More than 60 Cuban migrants arrived in the Florida Keys over the weekend, including 42 in Sugarloaf Key in Florida July 18, according to the Miami Herald
The group may include at least one 4-year-old child, according to dispatch conversations.
The Herald said that since all the migrants made it to dry land, they would be allowed to stay and, in one year, apply to be permanent residents. A policy change in 1995, called "wet-foot, dry-foot," allows Cubans who set foot on U.S. soil to stay, but if they are stopped at sea they must return to Cuba.
The Monroe County Sheriff's Office's Twitter account reported that the number of Sugarloaf Key arrivals was 42, and eight more arrived the next day.
Before the 42 arrived, three different groups arrived at different times over the weekend in Key Largo and Key Colony Beach.
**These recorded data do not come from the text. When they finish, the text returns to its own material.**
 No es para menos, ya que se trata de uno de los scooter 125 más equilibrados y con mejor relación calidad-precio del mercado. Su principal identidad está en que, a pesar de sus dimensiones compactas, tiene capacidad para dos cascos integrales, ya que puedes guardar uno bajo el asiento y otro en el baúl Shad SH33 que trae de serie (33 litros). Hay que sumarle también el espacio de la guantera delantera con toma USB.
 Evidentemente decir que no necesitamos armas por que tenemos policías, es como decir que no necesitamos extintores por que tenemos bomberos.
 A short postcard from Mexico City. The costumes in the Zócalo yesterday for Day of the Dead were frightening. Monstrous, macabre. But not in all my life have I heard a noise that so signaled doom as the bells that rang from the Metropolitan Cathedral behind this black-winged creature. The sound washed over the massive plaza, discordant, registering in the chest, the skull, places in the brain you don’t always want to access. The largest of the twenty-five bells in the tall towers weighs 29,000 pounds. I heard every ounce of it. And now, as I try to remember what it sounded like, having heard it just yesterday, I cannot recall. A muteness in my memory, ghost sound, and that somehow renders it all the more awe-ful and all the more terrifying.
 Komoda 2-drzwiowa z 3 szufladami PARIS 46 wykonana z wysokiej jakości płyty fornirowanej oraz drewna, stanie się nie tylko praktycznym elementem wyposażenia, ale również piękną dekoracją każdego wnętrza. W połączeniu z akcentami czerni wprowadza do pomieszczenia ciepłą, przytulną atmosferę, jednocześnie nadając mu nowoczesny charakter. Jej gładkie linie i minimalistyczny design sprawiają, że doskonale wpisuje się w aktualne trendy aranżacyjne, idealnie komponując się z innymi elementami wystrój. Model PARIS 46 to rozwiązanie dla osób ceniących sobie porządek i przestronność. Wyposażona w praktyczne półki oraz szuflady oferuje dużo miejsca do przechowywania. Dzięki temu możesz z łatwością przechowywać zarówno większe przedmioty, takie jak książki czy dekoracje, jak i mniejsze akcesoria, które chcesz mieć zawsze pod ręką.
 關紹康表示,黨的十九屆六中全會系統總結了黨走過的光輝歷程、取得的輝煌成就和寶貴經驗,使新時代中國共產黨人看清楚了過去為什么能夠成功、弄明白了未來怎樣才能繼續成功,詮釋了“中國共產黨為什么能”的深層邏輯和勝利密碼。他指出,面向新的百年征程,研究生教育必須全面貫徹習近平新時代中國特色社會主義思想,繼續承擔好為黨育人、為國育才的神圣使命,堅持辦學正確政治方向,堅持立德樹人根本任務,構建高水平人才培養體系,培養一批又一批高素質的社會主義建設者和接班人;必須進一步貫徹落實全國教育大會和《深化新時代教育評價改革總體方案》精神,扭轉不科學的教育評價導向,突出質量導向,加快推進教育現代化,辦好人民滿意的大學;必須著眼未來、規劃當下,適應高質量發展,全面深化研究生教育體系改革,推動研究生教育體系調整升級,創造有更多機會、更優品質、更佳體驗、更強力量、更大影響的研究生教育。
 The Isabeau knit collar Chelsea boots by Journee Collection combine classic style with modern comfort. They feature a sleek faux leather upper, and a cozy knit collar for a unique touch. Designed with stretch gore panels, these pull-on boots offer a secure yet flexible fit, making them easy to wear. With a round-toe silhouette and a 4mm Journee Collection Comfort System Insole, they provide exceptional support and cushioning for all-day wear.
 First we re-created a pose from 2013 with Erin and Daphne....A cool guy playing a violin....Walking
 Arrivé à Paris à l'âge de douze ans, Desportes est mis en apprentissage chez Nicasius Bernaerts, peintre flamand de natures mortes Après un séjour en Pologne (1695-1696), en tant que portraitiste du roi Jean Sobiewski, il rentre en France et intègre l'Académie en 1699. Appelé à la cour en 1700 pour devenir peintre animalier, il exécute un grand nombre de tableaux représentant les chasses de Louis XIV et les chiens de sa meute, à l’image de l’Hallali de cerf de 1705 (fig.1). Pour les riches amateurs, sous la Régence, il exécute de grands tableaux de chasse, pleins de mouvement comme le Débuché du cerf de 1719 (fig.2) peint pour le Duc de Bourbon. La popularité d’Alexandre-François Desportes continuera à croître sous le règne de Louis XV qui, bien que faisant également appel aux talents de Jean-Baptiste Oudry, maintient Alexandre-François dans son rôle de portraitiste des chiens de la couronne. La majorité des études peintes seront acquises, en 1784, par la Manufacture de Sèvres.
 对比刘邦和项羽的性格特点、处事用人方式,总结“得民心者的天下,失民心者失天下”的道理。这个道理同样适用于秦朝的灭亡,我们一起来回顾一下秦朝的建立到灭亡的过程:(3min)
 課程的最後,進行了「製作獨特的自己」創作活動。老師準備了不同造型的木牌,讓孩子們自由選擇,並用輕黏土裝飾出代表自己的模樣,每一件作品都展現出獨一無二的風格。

Two of the groups arrived in a "single-engine rustic vessel." One group of nine men said their journey from Cuba took six days.
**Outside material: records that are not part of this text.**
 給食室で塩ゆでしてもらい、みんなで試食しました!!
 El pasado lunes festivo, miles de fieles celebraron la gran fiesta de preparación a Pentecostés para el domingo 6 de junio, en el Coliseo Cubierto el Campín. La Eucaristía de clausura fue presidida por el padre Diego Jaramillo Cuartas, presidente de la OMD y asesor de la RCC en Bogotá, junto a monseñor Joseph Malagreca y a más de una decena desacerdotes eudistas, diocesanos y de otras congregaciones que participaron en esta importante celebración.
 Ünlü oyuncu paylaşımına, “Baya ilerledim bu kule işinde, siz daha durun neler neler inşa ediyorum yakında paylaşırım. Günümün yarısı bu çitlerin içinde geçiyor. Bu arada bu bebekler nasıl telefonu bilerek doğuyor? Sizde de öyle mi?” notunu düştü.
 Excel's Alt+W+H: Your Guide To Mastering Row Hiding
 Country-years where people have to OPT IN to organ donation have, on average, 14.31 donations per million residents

About the group of 42 migrants, Battalion Chief Francisco Perez told the Herald, "I have never seen so many at once."
In June, Fox News Latino reported
that nearly 100 beachgoers witnessed nine men and one woman make it to shore in Hollywood, Florida.
The Herald reported that many Cubans are fleeing because they believe improved relations between Cuba and the United States could lead to the end of the wet-foot dry-foot policy.